Pas mal de souvenirs à l’écoute de ce disque. L’âge bête, la découverte de la musique rock, l’attente insoutenable, les visites chez le disquaire quinze jours avant la sortie officielle, juste au cas où, l’écoute en boucle du single enregistré sur cassette audio lors d’un passage à la radio, la rage contre cette saloperie de voyage scolaire qui m’éloignait de ma douce chaîne hi-fi au moment de la sortie du disque et m’obligeait à attendre une semaine de plus, les grands yeux (style manga) en découvrant, à mon retour, le boîtier dans ma chambre (merci qui ?).

A en juger par cette pochette colorée, INXS semblait être revenu tant de son trip « gros rock qui tache » du dernier album (le bide commercial et pourtant viscéral Full moon, dirty hearts) que de son trip « rock profond, intelligent » de l’excellent Welcome to wherever you are. Confirmation sur disque où les titres fun se taillent la part du lion. Entre l’hédoniste chanson-titre, le Don’t lose your head dont le titre ne pouvait qu’accrocher les producteurs de Face/Off de John Woo, le funky Girl on fire et l’apothéose Shine, l’album est assurément dansant et festif. Même si le disque n’est pas un réservoir à hits radiophoniques comme ces prédécesseurs des années 80, et même si l’on doit confesser la lassitude que peuvent occasionner certains de ces morceaux (Girl on fire, pour ne pas le citer), on ne peut nier le talent du groupe à mettre en place des morceaux efficaces, bien interprétés, véritables remèdes contre la mauvaise humeur.

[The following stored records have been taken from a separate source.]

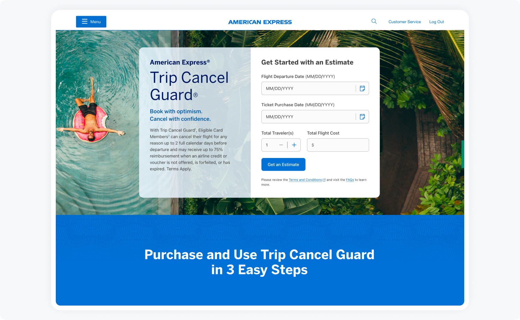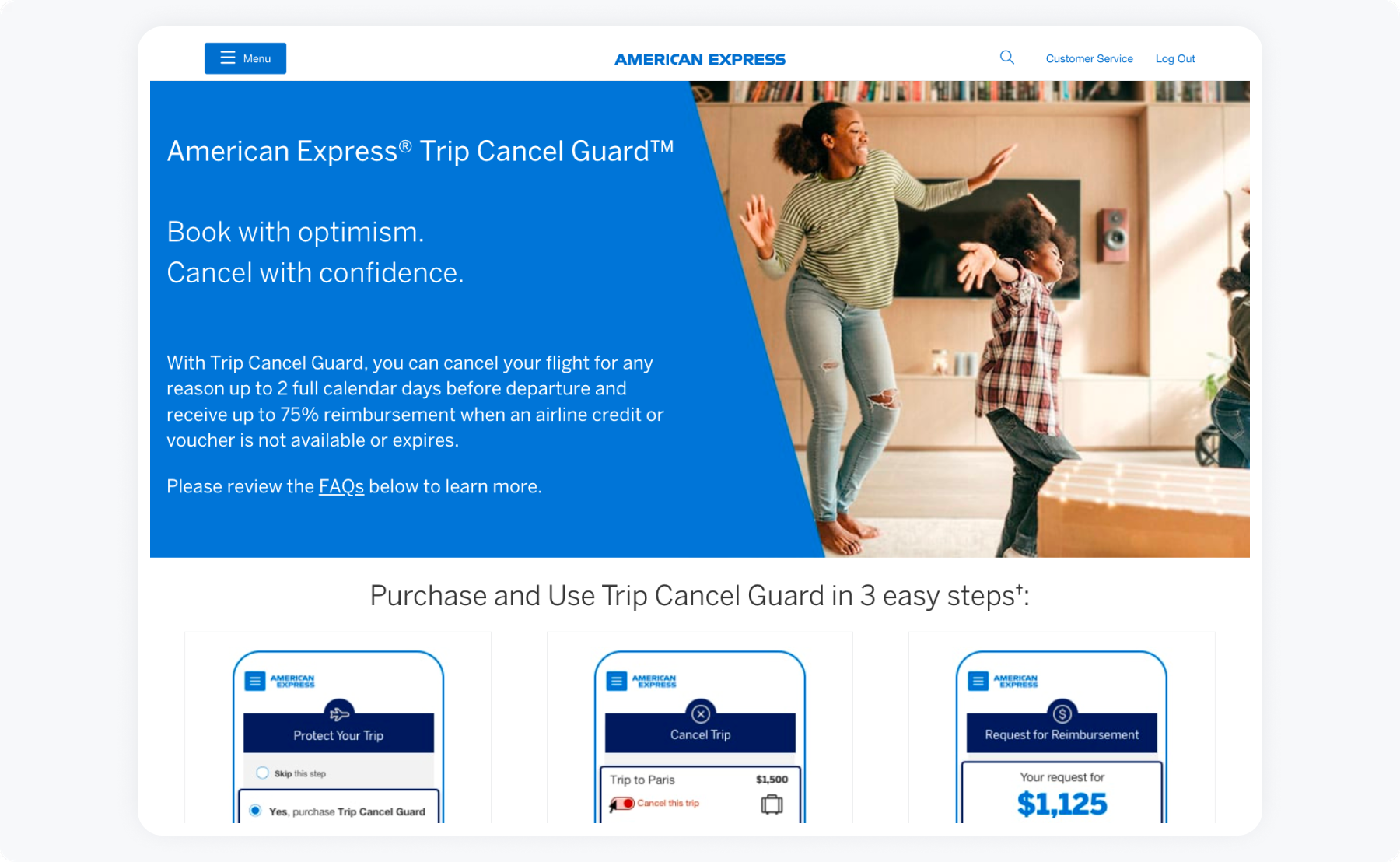 American Express Card Members often faced stress and uncertainty when trips were disrupted or cancelled. While protection benefits existed, the process to understand coverage, check eligibility, and purchase protection was confusing and fragmented. Trip Cancel Guard (TCG) was designed to fix this: it allows eligible American Express Card Members to cancel their flight for any reason up to 2 days before departure and receive up to 75% reimbursement when airline credits aren’t available. Customers didn’t just need more information—they needed confidence and clarity.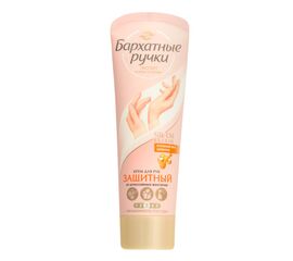 Бренд Бархатные Ручки представляет крем для рук Защитный, разработанный для экстразащиты кожи рук при воздействии агрессивных факторов среды[1]. Крем имеет текстуру средней плотности для повышенной защиты. В составе крема - новейшая формула Silk Oil Elixir с микро-маслами и протеинами шелка,...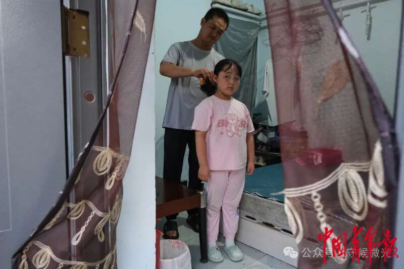 8月17日下午,北京市老君堂村,路峰在出租屋里给女儿路沐婷梳头发。当天下午,他骑电动车带着女儿在烈日下跑了3个小时,送了8单外卖、2单“跑腿”,配送里程超过20公里。等红绿灯时,路峰抢到了次日凌晨搬运货架的订单,预计能挣200元,于是他决定提前结束跑单,带女儿回家休息。一个月前,路沐婷来到北京东南四环外老君堂村小哥加油站,在这里的社区夏令营当起了“插班生”。今年暑假,7岁的她第一次离开老家,来到爸爸路峰工作的地方。实习生 王藜静/摄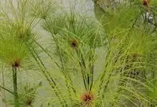 纸莎草是莎草科、莎草属的植物,具有粗壮的根状茎,高达2-3米,茎秆簇生,粗壮,直立,钝三棱形。叶退化呈鞘状,茎秆顶端着生总苞片,呈伞状簇生,总苞片叶状,披针形,顶生花序伞梗极多,细长下垂。瘦果灰褐色,…全部>>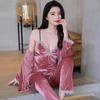 Pijama feminina vermelha sexy de comércio exterior europeu e americano, roupa de casa de primavera e verão, moda, renda costurada, conjunto de alças, atacado

Réduire le groupe australien à une machine à singles remasterisables pour exploitation en dancings serait toutefois une grave hérésie. Le ton youyou de l’album est rapidement tempéré par plusieurs titres mid-tempo. Les ballades, évidemment, parmi lesquelles se côtoient l’anecdotique Everything et la bouleversante Searching (ce chant qui lorgne carrément du côté de la soul !). Mais également des morceaux plus bluesy, ou définitivement rock. Si She is rising vaut surtout le coup d’oreille pour découvrir Michael Hutchence s’essayer à la guitare, Building bridges et Shake the tree entrent directement dans le panier des meilleures compositions du groupe. Shake the tree possède ce genre de riffs qui mettent immédiatement tout le monde d’accord, des lignes de chant pleines de groove (vous vous demandez pourquoi Michael Hutchence fut surnommé « le fauve » durant les années 80 ? Son chant devrait vous fournir quelques éléments de réponse) et cette sonorité rêche des antipodes. Quant à Building bridges, il vaut surtout par ce jeu de guitare en finesse et ce chant qui atteint des sommets, notamment lors d’un éblouissant final sur lequel les fans auront beau jeu de s’interroger après le suicide du chanteur ("Some days I am everything I hate" est craché avec une telle conviction que c’en est effectivement troublant).

Car, qu’on le veuille ou non, Michael Hutchence ayant mis fin à ses jours peu de temps après la sortie de ce disque, alors que le groupe préparait la tournée de son vingtième anniversaire, Elegantly wasted ne peut être perçu que comme un disque-testament (même si, en guise de disque ultime, on se plongera avec délectation dans l’album solo de Michael Hutchence, sorti après sa mort, mais enregistré avant celui-ci). Même si on sait qu’il n’y a rien à trouver, comment ne pas écouter Searching, I’m just a man ou Building bridges sans repenser au tragique événement qui s’en est suivi ? Comment écouter Shine en oubliant qu’il s’agit du tout dernier morceau que nous offrira jamais INXS (il paraît qu’ils ont sorti un nouveau disque avec un nouveau chanteur, mais ne croyez pas tout ce qu’on raconte, ce ne sont pas les mêmes) ? Est-ce pour cela que l’on considère ce morceau, joyeux bordel sonore où la superposition des voix de Michael Hutchence fait merveille, comme une des plus belles perles du groupe ? Est-ce pour cela que l’on considère ce disque, retour au son d’INXS tel qu’il aura marqué des millions de personnes, comme l’un de leurs meilleurs ?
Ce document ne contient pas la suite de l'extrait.